>>>>> On Thu, 22 Sep 2011 17:05:46 +0200, Bart Van Assche <[email protected]> 
>>>>> said:

BVA> If EVP_MD_CTX would grow larger in the future, a crash could be triggered 
by
BVA> upgrading too. That's actually what several (Windows) users have reported
BVA> when they tried to run the Net-SNMP 5.4 binaries (built against OpenSSL
BVA> 0.9.something) on a system where OpenSSL 1.0 was installed.

We have two situations:

1) people compiling the source themselves against an unknown OpenSSL.
   If we want to support < 0.9.6, then Dave's solution allows for that.
   The only time something would break would be if the user upgraded
   from 0.9.6 to something else without recompiling.

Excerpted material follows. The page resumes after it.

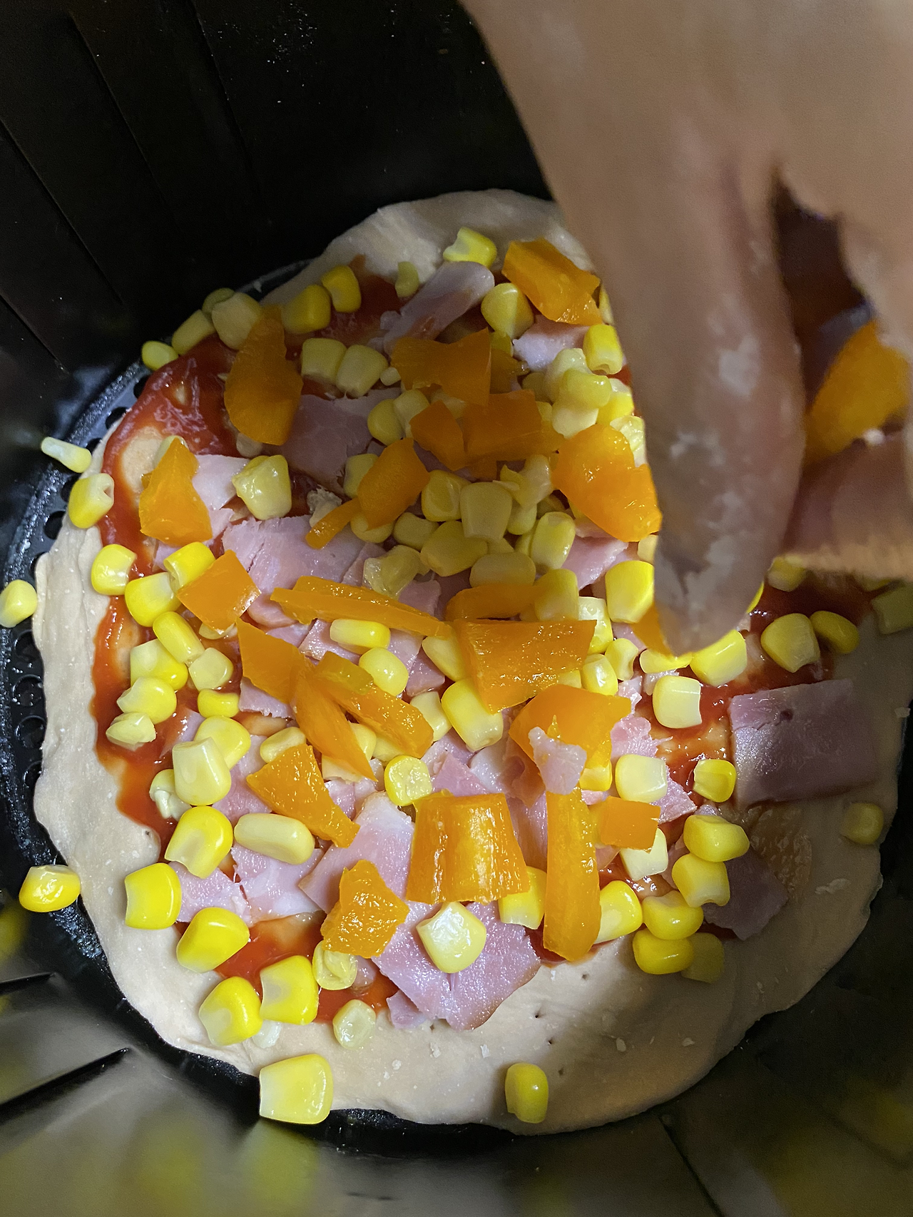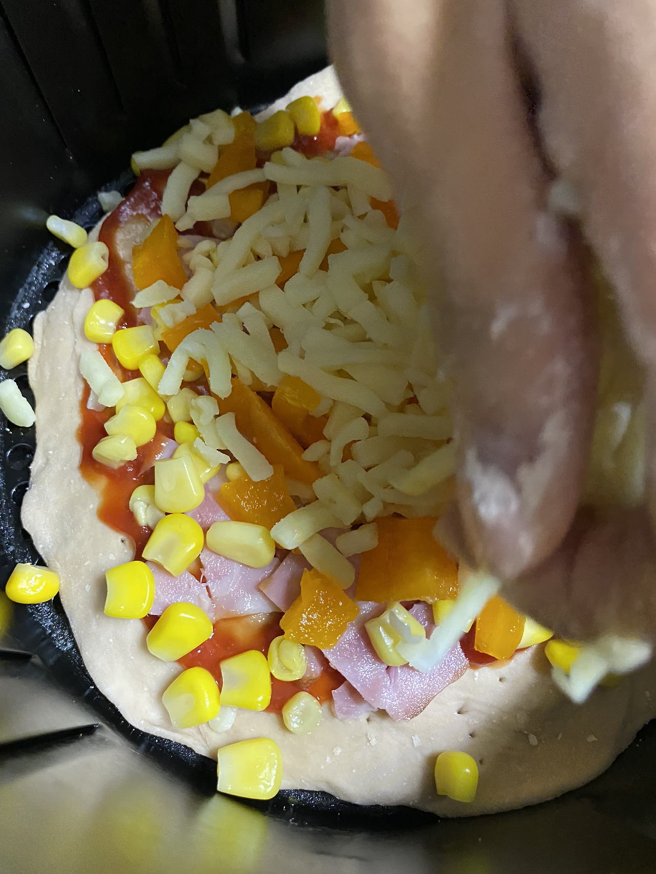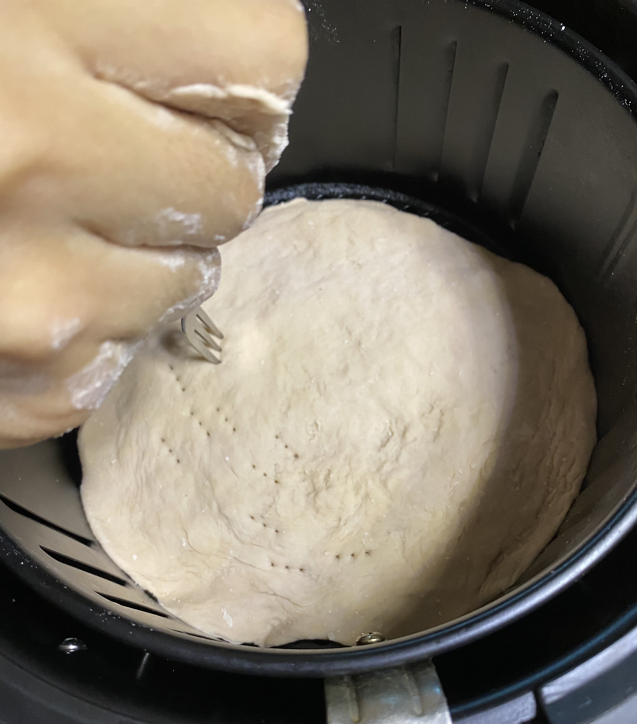 에어프라이어 에 기름종이를 깔아야 하지만 없는 관계로 밀대로 밀어 고르게 펴놓은 도우에 포크로 구멍을 만들어 줍니다.

2) people using our distributed binaries (eg, on windows).  I think it's
   likely safe to say we'll only be producing binaries with 0.9.7 or
   later and thus the original function would be used from OpenSSL,
   after applying your proposed patch, so that users upgrading or using
   a different OpenSSL won't be affected by that particular malloc size
   change.

In actuality, though, I actually think that this is not necessarily the
only problem we'll run into.  OpenSSL is not known for being backwards
compatible and I suspect if you asked them if it was safe to upgrade
their library to a new version without recompiling all the software
linked against it they'd say "no way; please recompile".
-- 
Wes Hardaker
Please mail all replies to [email protected]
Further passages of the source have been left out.